# system $1000



## JAX (Jun 2, 2006)

I couldnt beleive me eyes and wasnt sure where to put this. I had to post it up to get someone else to verify what my eyes were telling me.....


System for Car Amp and Two Ten Pioneers with Sony MP3 Stereo | eBay


----------



## DBlevel (Oct 6, 2006)

That ones been listed on ebay before. I believe there was another thread for it then as well.

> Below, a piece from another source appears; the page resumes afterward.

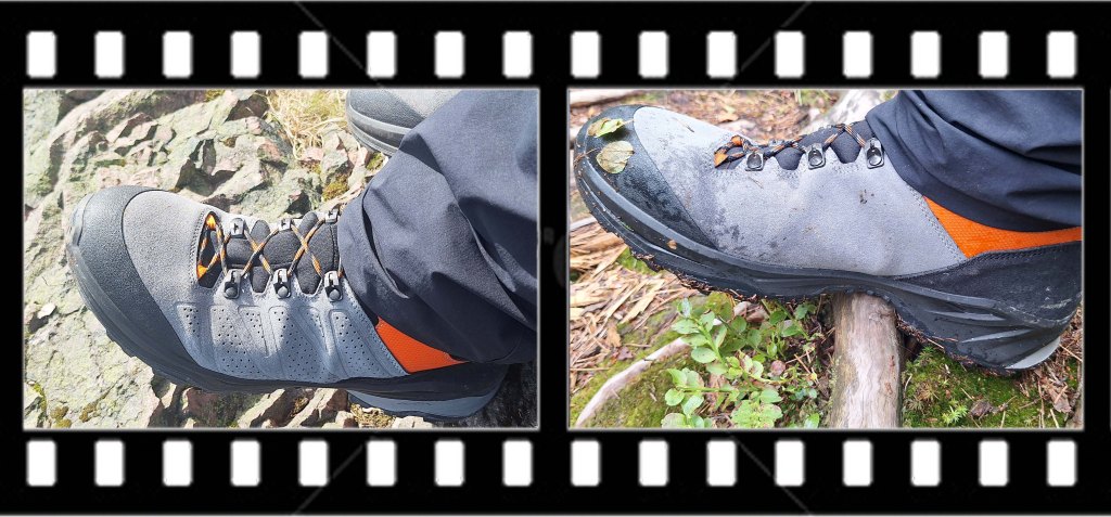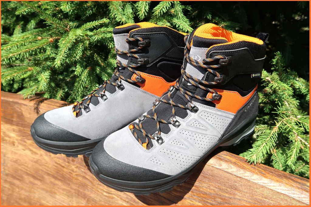 Die Freundschaft mit dem Wanderschuh begann im Thüringer Wald, einer Region mit abwechslungsreichen Untergründen: von Schotterwegen und Wiesen über wurzeldurchzogene Pfade und Bachläufe bis hin zu Kalkstein und Schiefer. Das Obermaterial aus Wildleder und Stretchgewebe in einem Mix aus Grau, Schwarz und einem kräftigen Orangeton, einer Vibram Adapta-Sohle mit dem AKU-eigenen Elica-System, welches sich der natürlichen Neigung von Ferse und Vorfuß anpasst. Dazu ein Profil aus Flex-Rillen, Flex-Stollen und Root lugs im Mittelbereich der Sohle. Dank des cleveren Ösensystems lässt sich der Schuh optimal schnüren.

Still funny everytime I see it tho.................


----------



## tinctorus (Oct 5, 2009)

Lol some people are seriously mentally handicapped with some of the garbage they put up online, what's even more saddening is some dumb ass will probably buy it


----------



## theoldguy (Nov 17, 2009)

made an offer for $5 with the note "$1000 for a stolen broken stereo is stupid. "


----------



## JAX (Jun 2, 2006)

thats 499 more pennies than I would haveo offered for it...


----------



## legend94 (Mar 15, 2006)

when i saw this the other day i was trying to recall where the thread was on bad installs 

what i would pay for from this guy is more photos of the install


----------



## aoessand (Jan 11, 2011)

stop hating on my future system guys! and dont anyone buy it before i get saved up for it!!!! LOL


----------



## asianinvasion21 (Sep 24, 2012)

Im gunna offer .99 cents lol.


----------



## mechatron (Sep 26, 2013)

The ad states that it's in "New" condition...yep totally believable ..lol


----------



## legend94 (Mar 15, 2006)

This hopefully is a joke.

Pickup only!


----------



## Ultimateherts (Nov 13, 2006)

I wonder what ****ty car this was in? A 1988 Lebaron owed by John Voit?


----------



## legend94 (Mar 15, 2006)

Ultimateherts said:


> A 1988 Lebaron owed by John Voit?



hopefully one that was not taken to Jerry's mechanic with the b/o problem


----------



## SHAGGS (Apr 24, 2011)

legend94 said:


> hopefully one that was not taken to Jerry's mechanic with the b/o problem


It was actually the Valet that had the horrific BO. 
Jerry's mechanic was the one who obsessed about the car and gave him all kinds of **** for not idolizing the car enough. 
He even stole it when Jerry brought it in, because Kramer and Newman borrowed it and put groceries under the hood, because Elaine had JFK's golf clubs in the trunk. 
Upon chasing him across state, whilst on their way to Michigan to return bottles and cans for the higher deposit, he began throwing the clubs at them. 
Great episode.


----------